The Modi government has almost fulfilled the long-standing demand of the government employees for the old pension scheme by introducing the Unified Pension Scheme.
The employees demanded that after retirement they should be given a fixed amount every month as pension.
The Central Government has decided to give pension equal to 50 percent of the average basic salary drawn in the last 12 months to the Central Government employees under the Unified Pension Scheme (UPS) and it will come into effect from April 1, 2025.
BJP hopes that it will get full benefit from this in the upcoming assembly elections.
Central employees were also angry with BJP for a long time for not implementing OPS. Its effect can be seen in the upcoming assembly elections in Delhi.
In the recent assembly elections, the old pension scheme became a weapon to defeat the BJP. In Himachal Pradesh too, the Congress had announced to implement OPS if it formed the government.
However, even after the Congress government was formed, OPS was not implemented. Congress played this trick in Madhya Pradesh too but could not succeed.
OPS could not become a big issue in the Lok Sabha elections.

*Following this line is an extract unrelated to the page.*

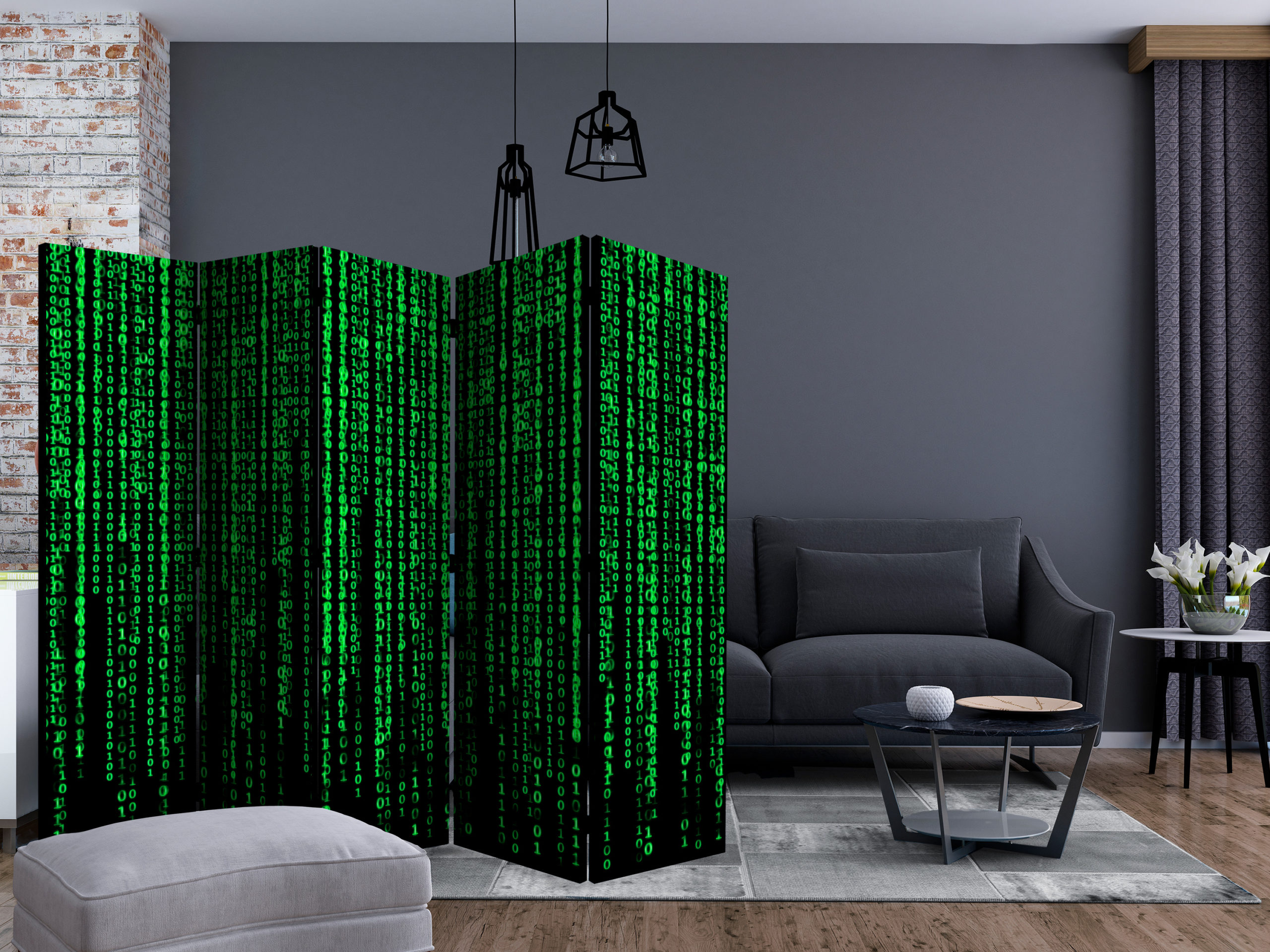 Het decoratieve vouwscherm “Digital Rain II [Room Dividers]” past uitzonderlijk mooi in een modern interieur. Het houten tweezijdig bedrukte vouwscherm geeft niet alleen een mooie opdeling van een ruimte maar geeft ook een fantastische flair aan uw interieur. De perfectie uitvoering en het originele motief in full HD uitvoering zorgen ervoor dat de kamervouwschermen iedere ruimte een originele charme verschaffen. Een prachtig kamervouwscherm is een zeer originele versiering en kan bijvoorbeeld prima worden toegepast in woningen of dienstruimten. (kapsalon, dokterskliniek, administratiekantoor etc)

However, the resentment of government employees was evident. Inspectors had said that this could be a big issue in the coming elections.
After the dates of assembly elections in Haryana and Jammu and Kashmir are announced, BJP can benefit in these states too. Assembly elections are also to be held in Maharashtra and Jharkhand this year.

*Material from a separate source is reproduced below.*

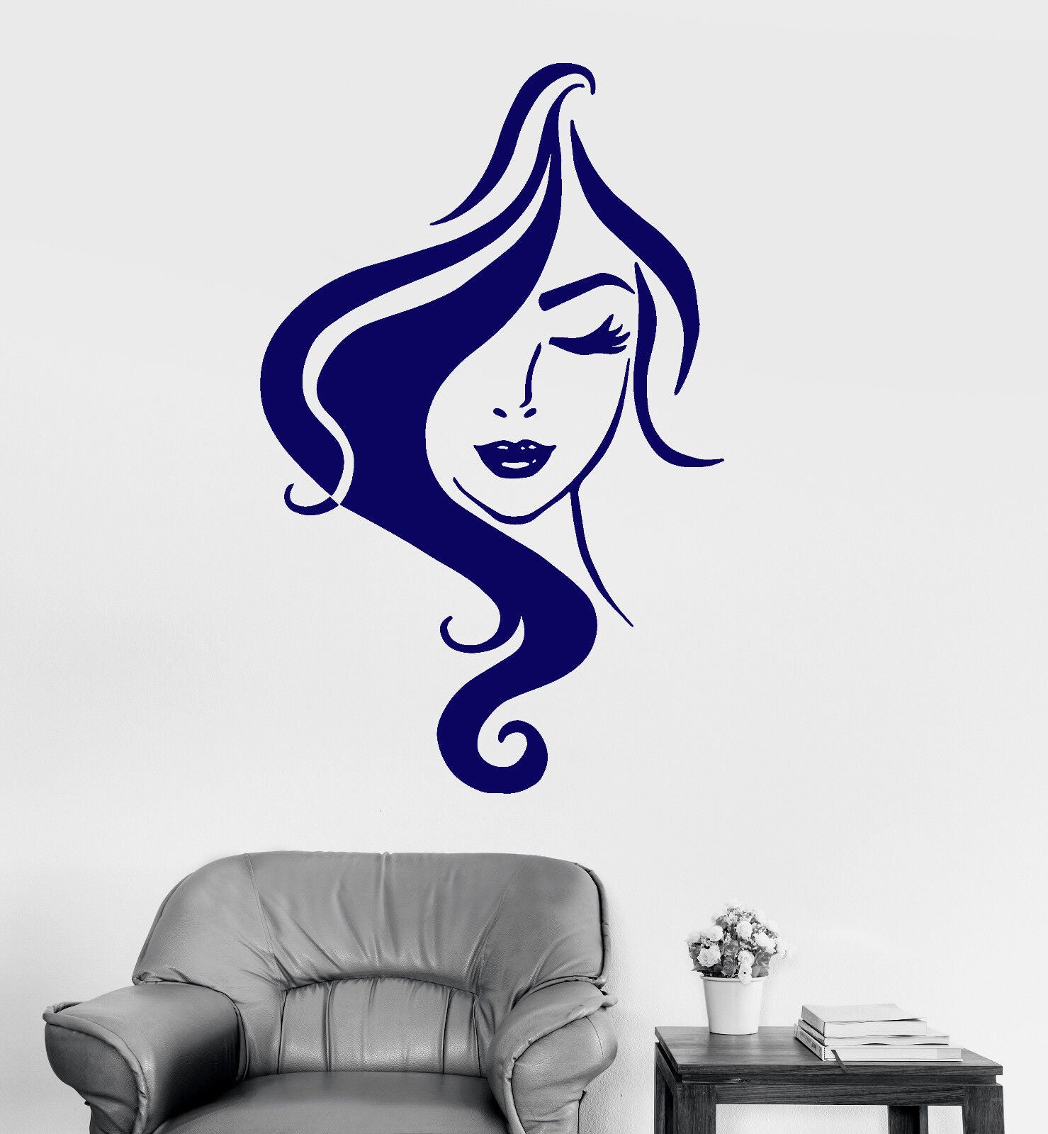 Autocollant mural en vinyle pour femme, beau visage, fille, lèvres sexy, coiffure (1928ig)

Explaining the Cabinet decision, Union Minister Ashwini Vaishnaw said, the Congress promised OPS in Rajasthan and Himachal Pradesh but then did not implement it and tried to dupe the public.
He said that Congress has always been insensitive towards employees. This was also seen in Rajasthan and Himachal Pradesh.
What is Unified Pension Scheme
Under the Unified Pension Scheme (UPS), the government has decided to give a fixed amount to the employees as pension. Employees who complete 25 years of service will be given 50 percent of their last basic salary every month as pension.
Those who have served for less than 10 years will be given a minimum pension of Rs 10,000. Apart from this, employees who have served for 10 to 25 years will be given pension proportionately.
Like NPS, investment will have to be made in the employees’ pension scheme. However, it will remain only 10% and the remaining 18.5% will be invested by the government.
If an employee dies during service, 60% of his salary will be given to his family as pension. There is also a provision to increase the pension according to inflation.
After the central government employees, state governments can also implement this rule. Currently, 23 lakh employees of the centre will benefit from this.